Advice from a data scientist: Careful while crosswalking

An exponential amount of data is available today, the majority of which the human mind is incapable of consuming. Ongoing efforts to tie together data siloed in different systems, departments or external databases requires building “crosswalks” between data sets—when enriching an electronic health record with other relevant data, for example, or evaluating clinical outcomes based on the type of device that was implanted into patients. Crosswalking is particularly challenging when it is done between different code sets (e.g., ICD-9 to ICD-10 or vice versa) rather than between different versions of the same one.

In short, a crosswalk is how to meaningfully unite disparate pieces of information in a common digital habitat. The basic process has existed for as long as anybody has tried to collect, group and align data in some way to make new discoveries. Broadly defined, this would include the way hand-drawn maps of cholera outbreaks in late 19th century England traced the epidemic to contaminated drinking water. It would also include more recent, albeit unsuccessful, efforts by Google to “nowcast” flu epidemics based on people’s searches for flu-related information.

A certain level of subjectivity is unavoidable on the front end when gargantuan amounts of data have to be sorted into buckets with other equivalent, identical or similar information. Categorization enables data to be “mapped” from source data fields to their “assigned” target data fields, whenever possible following established standards—e.g., HL7, SNOMED CT, ANSI, and ICD-10. There are hundreds of standards available, including ones specific to medical, pharmacy, surgical and device-related data, which can be both complementary and overlapping. But when there is no clear, one-to-one match, not everyone is going to agree on what goes where. While perspectives tend to split at departmental lines, the crosswalk has to address the issues and needs of end users, which may not give everyone what they want and may require compromise. Some items in one data set have no direct translation in another data set, much as some American words have no French or German equivalent.

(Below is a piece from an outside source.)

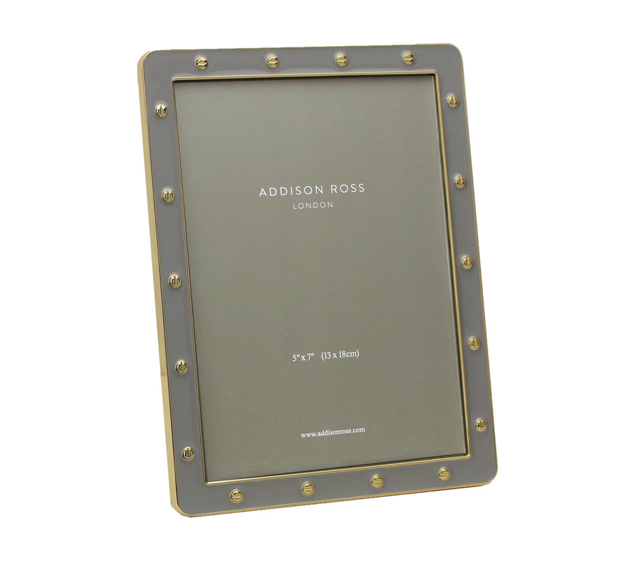 A beautiful chiffon enamel & gold or silver plate frame and screw detail, curved corners and a beautiful dove grey velvet backstand.

Health systems have been legislatively mandated to crosswalk from ICD-9 (five characters and primarily numeric) to ICD-10 (seven characters and entirely alphanumeric) diagnoses and procedure code sets as a condition of reimbursement by the Centers for Medicate & Medicaid Services. As a practical matter, they need to assign these 68,000 diagnosis codes into clinically meaningful groupings and then merge them with other information sources to facilitate clinical and financial benchmarking. Whether to look only at primary diagnosis and procedure, or also include other codified information, remains a subject of debate. Often, for purposes of predictive analytics and machine learning, data groupings are ultimately dependent upon the business questions needing to be addressed so patterns can be accurately detected and used to drive incremental improvements.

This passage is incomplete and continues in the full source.